Introduction/Aim: Patients with respiratory diseases are more susceptible to viral infection and develop more severe symptoms, associated with immunosuppression by elevated transforming growth factor-beta (TGFb). Glucocorticosteroids (GCS) effectively reduce inflammation when inhaled prophylactically, or taken orally for exacerbations, but can also cause further immunosuppression. Oral pirfenidone (PFD), an anti-fibrotic used to treat patients with pulmonary fibrosis, has been shown to reduce TGFb-enhanced influenza A virus (IAV) infection in mice (Thomas et al, Respirology, 2021). The current aim was to determine if administration of inhaled PFD prior to infection, or with the addition of oral PFD post-infection, is as effective at reducing IAV-induced inflammation as GCS, without causing immunosuppression.
Methods: Mice were treated with i.n. vehicle (control), PFD (13.3 mg/kg) or GCS (1 mg/kg) daily, starting 2 days prior to infection with IAV (102 PFU, HKx31, n=6-10). Separate mice were treated daily pre- and post-infection (i.n. then oral) with vehicle (i/o control), PFD (i/o PFD) or GCS (i/o GCS). Mice were culled 3 days post-infection to measure viral load, inflammation and immune responses in BALF and lung tissue.

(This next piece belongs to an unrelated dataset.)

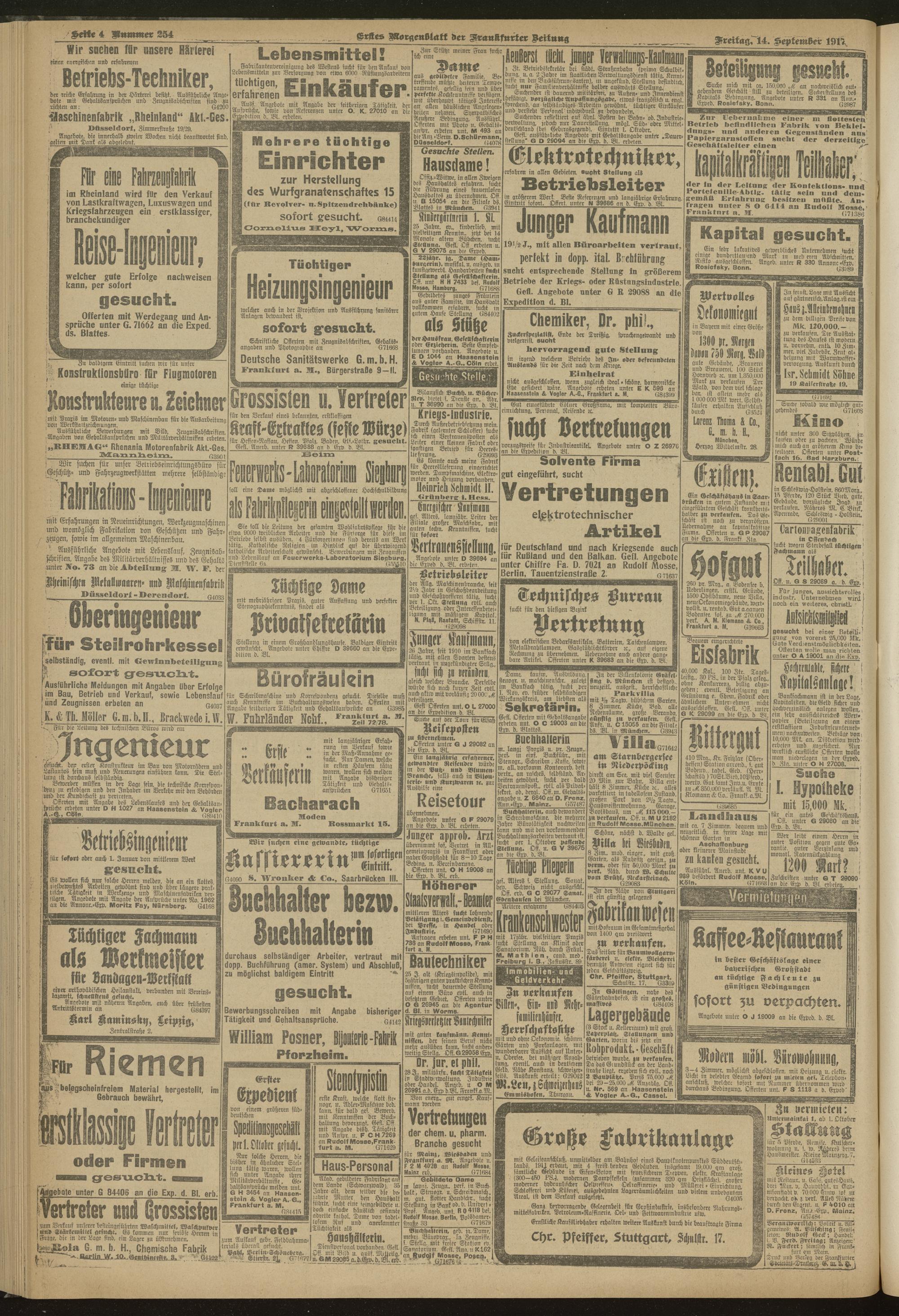 14.09.1917 = Nr. 254. Erstes Morgenblatt

Results: Inhaled PFD, but not GCS, reduced viral load (p<0.05). Both PFD and GCS reduced RANTES, while PFD, but not GCS, reduced IL-6, TNFα and KC. IAV-induced Inflammatory cells, notably macrophages and neutrophils, were further increased by GCS (p<0.001) but not by PFD. Preliminary results suggest that i/o PFD reduced the severity of IAV infection, while i/o GCS increased severity.

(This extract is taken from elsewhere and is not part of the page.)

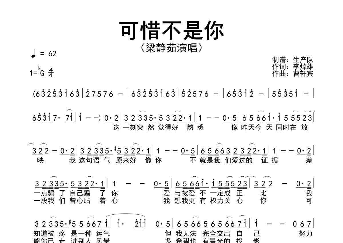 曲谱介绍: 梁静茹《可惜不是你》,生产队编配出品,共有1张高清图谱,免翻页排版设计。
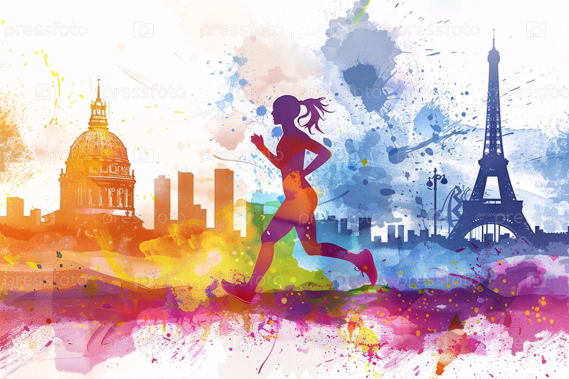 Динамичный силуэт проносится по яркому акварельному изображению парижского городского пейзажа со знаменитой Эйфелевой башней на заднем плане

Conclusion: Treatment with either inhaled or i/o PFD afforded greater protection against TGFβ-enhanced viral infection and inflammation than GCS. These positive findings support the repurposing of PFD beyond its current use in IPF to include other respiratory diseases, offering superior protection from worse disease outcomes associated with viral exacerbations.